In this sterile, claustrophobic atmosphere, there’s no opportunity for relationships to emerge or develop. Cardboard figures come and go, and eventually one can discern that the man who refuses to tell Kátya he loves her and beats her instead is her husband, and the woman who handles her roughly and throws her to the ground is her tyrannical mother-in-law. As Kátya and Boris, Alžběta Poláčková and Peter Berger manage to bring some genuine moments of warmth and affection to their illicit tryst, though even that ends with him taking her pinned up against the wall, like a captive butterfly. With human connections and sympathetic characters absent, there is little for the audience to identify with or care about, just a visceral depiction of a doomed woman.

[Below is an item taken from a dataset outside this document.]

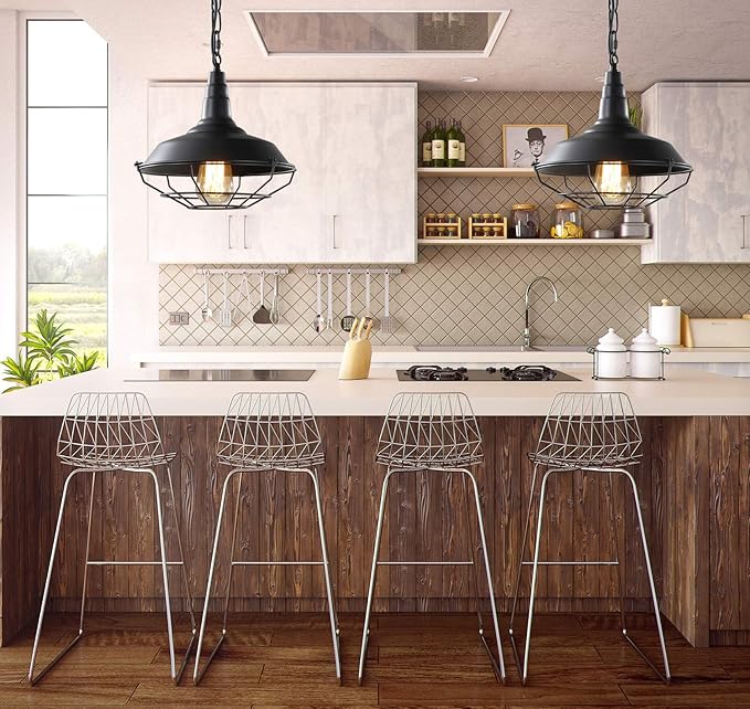 • WIDE APPLICATION - This black pendant light combines both farmhouse and industrial styles. It's a perfect decoration for a kitchen island, living room, dining room, garage, bar, hallway, porch, corridor, restaurant, or other space where needs rustic industrial taste to your room, offer you a good decorative effect.

On that level, the production works very well. There are searing, indelible images at fraught moments – Kátya and Boris lit so they cast large silhouettes that put their secret assignation on vivid public display, and their final parting played out against a backlit swirl of curling mist. The third act offers a powerful invocation of the source material (Russian author Aleksandr Ostrovsky’s play The Storm), as the stage darkens and the rear wall slowly drops to become a large trough that fills with water. Kátya wades through it, imagining birds and flowers on her grave before plunging into the black pool amid a sudden burst of rain. After the stark white desert of the first two acts, the effect is stunning.